Shouldn't split the bacteria or the medicine name. e.g. 革兰阴性杆菌 or 醋酸甲羟孕酮

(e.g. maybe end with , , , , , )

Medical NER Standard

  • 《醫學語料命名實體識別加工規範》


The output filename must be 1_ 59 and 2nd_59 for two phases result. (just inlcude the result after Medical NER)

Chinese word segmentation

  1. Must followed the standard. Each word segment must split by a single space.
  2. Delete the meaningless space $$_ (\u0020) or $$__ (\u3000) (found that this should be doing befor segmentation)

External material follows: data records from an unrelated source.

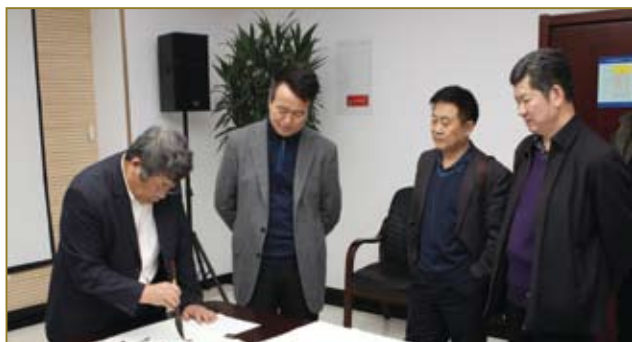
公司领导与首都企业家俱乐部诗书画院进行文化交流活动。
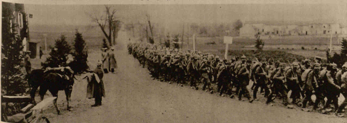
Zu den Kämpfen zwischen Maas und Mosel: Aus der Schlacht bei Pont à Mousson zurückkehrende Infanterieregimenter
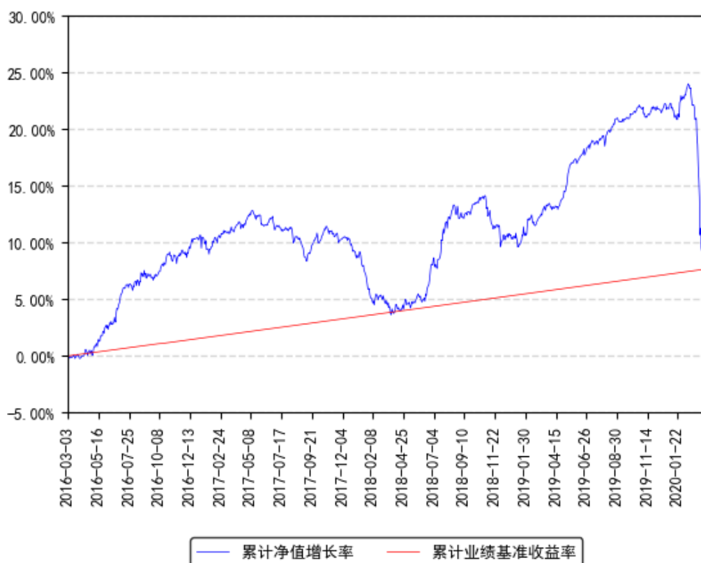
南方亚洲美元债A累计净值增长率与同期业绩比较基准收益率的历史走势对比图
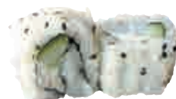
MA13 California concombre fromage
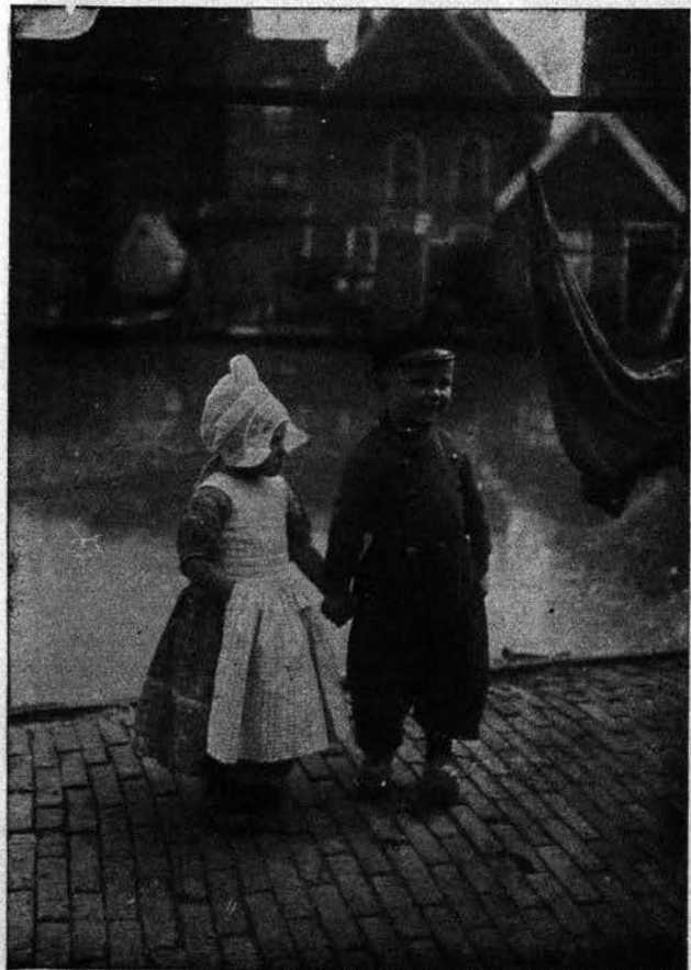
Infanoj el Volendam, Nederlando

»Je via senmorteco, ne,« mi respondis. »Mi estas nur tiu, kiu ekbruligis orfejon kaj mortigis blindulon por akiri liajn monerojn!« El la angla: G. Saville .
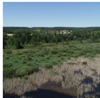
Roselière et marais vus du ciel CD21
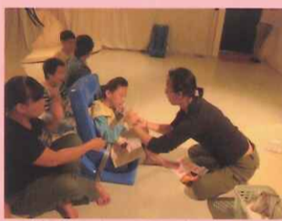
☆柏丞以字卡選擇方式決定他想體驗的多感官設備。

除上之外，進行這些課程活動時，會有職能或是物理治療師適時地協同教學，他們除了協助學生擺位及動作外，會視個別學生情況給予專業協助，讓學生能更適性地參與活動。

the number of _ means how many spaces are

Example of space

  • Delete
    • $$_ which is used to seperate number
      • e.g. HCMV$$_150kD磷蛋白是HCMV蛋白结构中抗原性最强的蛋白
  • Don't Delete
    • $$_ surrounding the ()
      • e.g. 坏死性龈口炎$$_(necrotic$$_gingivostomatitis)

Part-of-speech tagging (including General NER)

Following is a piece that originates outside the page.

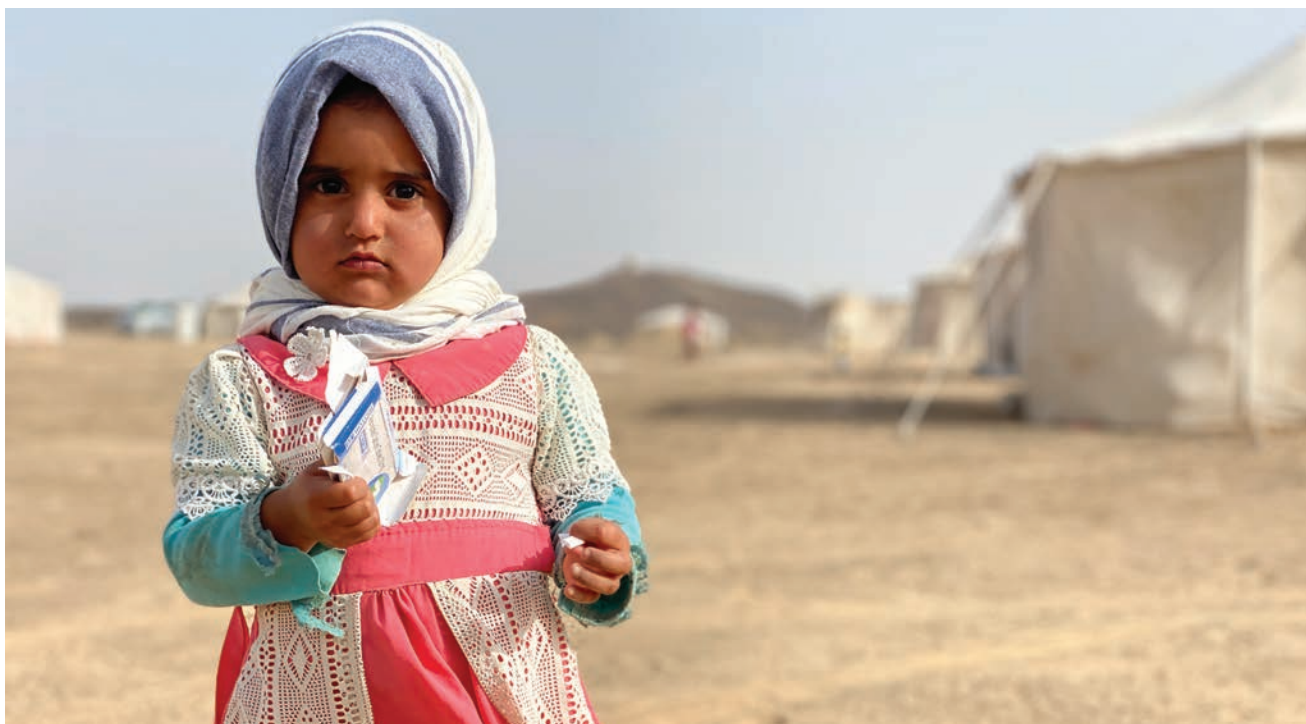
Una niña yemení de dos años, desplazada por el conflicto en Al Jawf, en el centro de acogida de personas desplazadas internas en Marib, el Yemen (2020).

En 2019, la Comisión, en colaboración con las autoridades gubernamentales pertinentes, organizó una “jornada de prestación de servicios móviles” con el objetivo de facilitar el encuentro personal entre las comunidades y los proveedores de servicios. La Comisión anunció la celebración de dicha jornada en los medios de comunicación y en distintos folletos. Entre las instituciones públicas invitadas se encontraban la Secretaria de División, oficiales de distintos ámbitos (desarrollo de la mujer, tierras, libertad condicional, registro), la policía, oficiales de salud, oficiales de trabajo, oficiales de asistencia jurídica y de pesca. Las autoridades tuvieron así la oportunidad de identificar y emprender acciones a corto, a mediano y a largo plazo para abordar los problemas prolongados a los que se enfrentan las personas desplazadas internas y retornadas, y que la Comisión de Derechos Humanos continuó supervisando.

  1. 26 tags must follow the Dictionary of Modern Chinese Grammar Information (現代漢語語法信息詞典) 40 tags must follow the standard given by《北京大學現代漢語語料庫基本加工規範》 (And jieba has 55 tags)
  2. The format must be word/tag (do not include space).
  3. Additional General NER must include
    • nr: Name
    • ns: Place name
    • nt: Institution name

Confusing Example

Before After
“一、”、“(二)”、“3.”、“(4)”、“5)” “一/m 、/w”、“(/w 二/m )/w”、“3/m ./w”、“(/w 4/m )/w”、“5/m )/w”
abc<sub>xyz</sub> abc<sub>xyz</sub>/n

Medical NER

The format must be [named-entity]tab

dis disease
sym symptom
tes test
tre treatment
bod body part


Before After
左下肺/n [左下肺/n]bod


  • N: gold segment words number
  • e: wrong number of word segment
  • c: correct number of word segment
  • Precision (P) = c/N
  • Recall (R) = c/(c+e)
  • F1-score (F1)
    • F1 = 2 * P * R / (P + R)
  • Error Rate (ER) = e/N (additional in this project)

First phase


  1. clean up meaningless space ($$_ first)
  2. quick word segmentation using tool
  3. make some rules to seperate words haven't been segmented or combine the mis-segmented words
  4. modify the POS table to fit the standard (26 tags) (e.g. tag_to_idx in pkuseg). Map the POS to our standard.
  5. doing medical dictionary on raw data and found the position of each medical NER
  6. then decorate the previous result


need to find the medical dictionary with tags to filter the medical named-entities

Clean up meaningless space character

Check all the space ($$_) between words (no $$__ exist in my raw data (e.g. line 33: 表6-15$$_$$_))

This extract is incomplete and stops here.